I then found this article here which further explained these forward and back links in respect of which are writeable and which are read-only, the example below referring to the linked attributes member/memberOf: Not going too deep into the technical details, there’s another thing we need to know when looking at group membership and forward- and backlinks: forward-links are writable and backlinks are read-only. This means that only forward-links changed and the corresponding backlinks are computed automatically. That also means that only forward-links are replicated between DCs whereas backlinks are maintained by the DCs after that.
The take-out from this is the value in the forward-link can be updated, the member attribute in this case, but you cannot update the back-link memberOf.
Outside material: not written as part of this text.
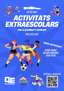 Presentem l’oferta d’activitats extraescolars per al proper curs al nostre centre. A l’oferta d’enguany tenim activitats organitzades per Quart per l’Esport per a l’alumnat i també per a les famílies.

Back-links are always calculated automatically by the system whenever an attribute that is a forward-link is modified.
My final quest was to find the list of linked attributes without querying the Active Directory schema which then led me to this article here, which listed the common linked attributes:
There is further, deeper technical information about linked attributes such as “distinguished name tags” (DNT) and what is replicated between DCs versus what is calculated locally on a DC, which you can read in your own leisure in the articles listed throughout this blog. But I hope the summary is enough information on how they work.